* _REQUIRED ACTION_
Type the data below again exactly. Omit all pictures.

* _PROVIDED DATA_

□ □ □ □ □ □ □

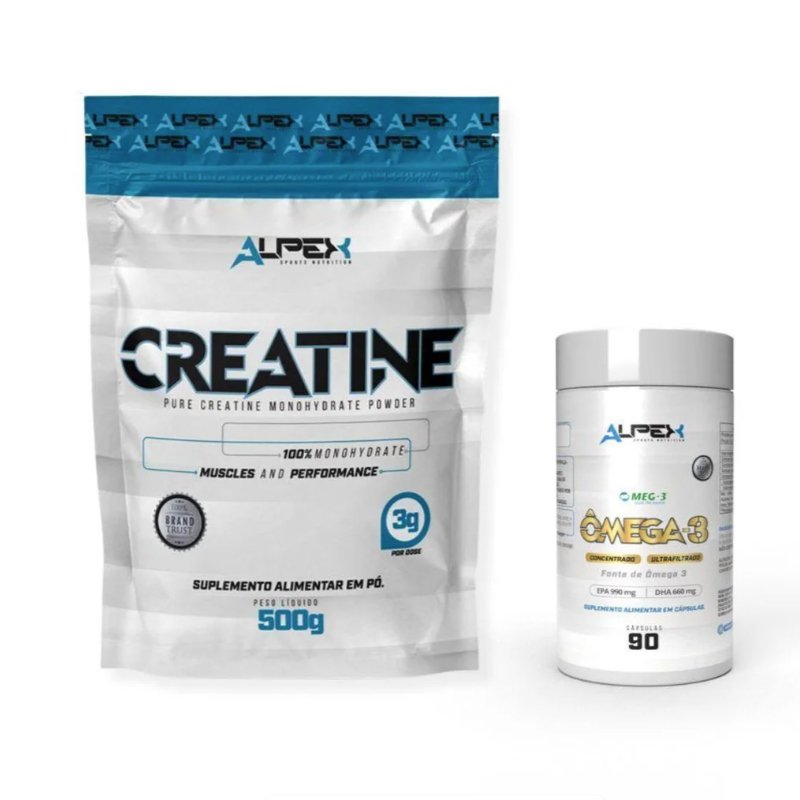 Kit Creatina Pura 500g Refil + Ômega 3 Selo Meg3 90 Caps – Alpex Sports Nutrition
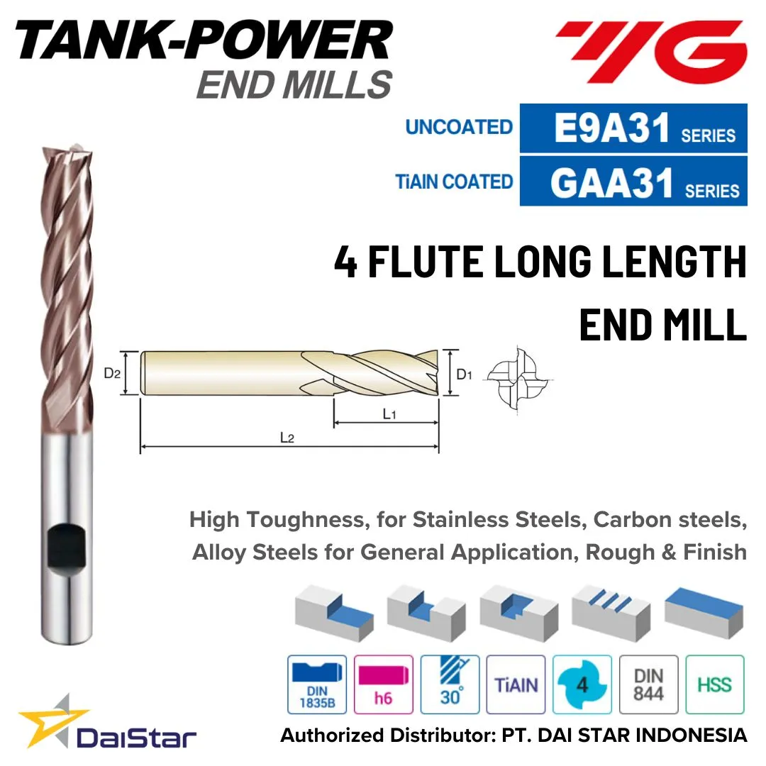 Spesifikasi E9A31/GAA31 Series TANK POWER – HSS-PM Square End mill 4 Flute Long Length YG1
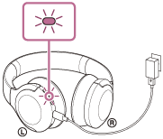 - 如果耳机在充电时由于以下原因检测到问题,指示灯(红色)将会闪烁。在此情况下,请在充电温度范围内再次充电。如果问题仍然存在,请联络附近的Sony经销商。

□ □ □ □ □ □ □

* _ANSWER BOX_
 Kit Creatina Pura 500g Refil + Ômega 3 Selo Meg3 90 Caps – Alpex Sports Nutrition
 Spesifikasi E9A31/GAA31 Series TANK POWER – HSS-PM Square End mill 4 Flute Long Length YG1
 - 如果耳机在充电时由于以下原因检测到问题,指示灯(红色)将会闪烁。在此情况下,请在充电温度范围内再次充电。如果问题仍然存在,请联络附近的Sony经销商。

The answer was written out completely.